A report was released today by NGO Monitor, by a Israeli watch-dog organization, and highlights the biases in the study, and illustrates how one-sided their focus was.
The almost-exclusive reliance on sources that are, in many cases, openly hostile to Israel and present highly distorted analyses resulted in a one-sided distorted view of the Israeli-Palestinian conflict. In addition to promoting BDS, the document downplays the threat of terrorism directed against Israeli civilians, while blaming Israel for Palestinian terror attacks and the hostility of neighboring states. Moreover, it views the conflict solely through the prism of ostensible Israeli strength and Palestinian weakness.

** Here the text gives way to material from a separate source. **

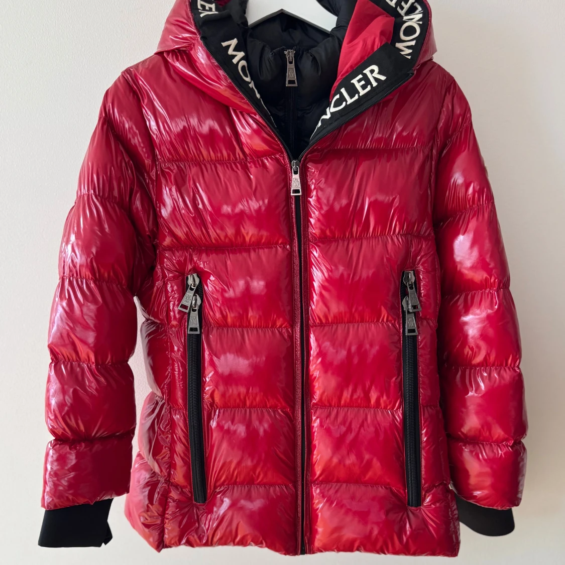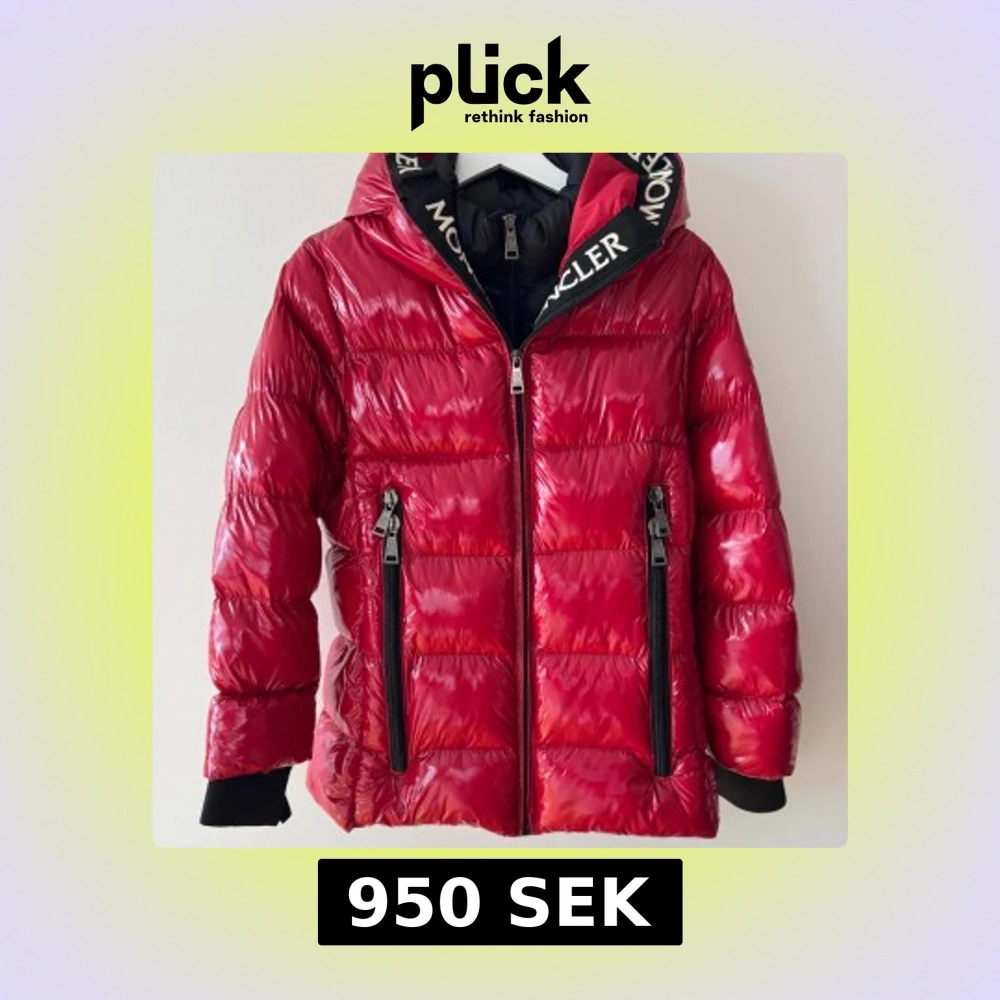 Röd dunjacka med huva XS/S

This narrative patronizes Palestinians by absolving them of responsibility for their own actions and presents a sympathetic view of Palestinian violence.
Look, I understand that everyone approaches this issue from a particular view point (and even NGO Monitor has its own lens and biases).   But my experience in the past several years of being focused on these issues is that when one puts on a narrow lens, and fails to even acknowledge the counter-narratives (there are more than two) in this complex area, then a huge dis-service is done.   This is even more problematic given the emphasis that social justice policy towards Israel and Palestine plays in the General Assembly of the Presbyterian Church (USA).  Our commissioners are generalists, not public policy experts, and they are asked to vote on hundreds of different issues over a week long assembly, setting the church’s agenda for the next two years or more.  When the advisory bodies of the denomination itself are co-opted and so biased in their views, then everyone loses.    The very naming of individuals to the study group was stacked to promote a specific viewpoint or narrative, and as a result, the  report did just what one would expect.
Just as the Church’s “Israel Palestine Mission Network” and its highly inflammatory “study guide” Zionism Unsettled is a front for the Boycott, Divest, and Sanction movement, this report should be viewed in the same light.  It presented a highly distorted view of exceedingly complex issues.  For Presbyterians, it is neither decent nor orderly.   These are issues that I take very seriously, and issues which I have dedicated a huge amount of time studying, exploring both sides of the issues.   Neither peace-making nor conflict resolution is served by such approaches.
Think of the Israeli-Palestinian Conflict as a puzzle – like a Rubik’s Cube.  The puzzle can be solved, but it takes a lot of work, and effort.   The ACSWP/IPMN approach is to tear the stickers off the cube, and put them back again, and say “look I have the answer!”   In doing so, we all lose.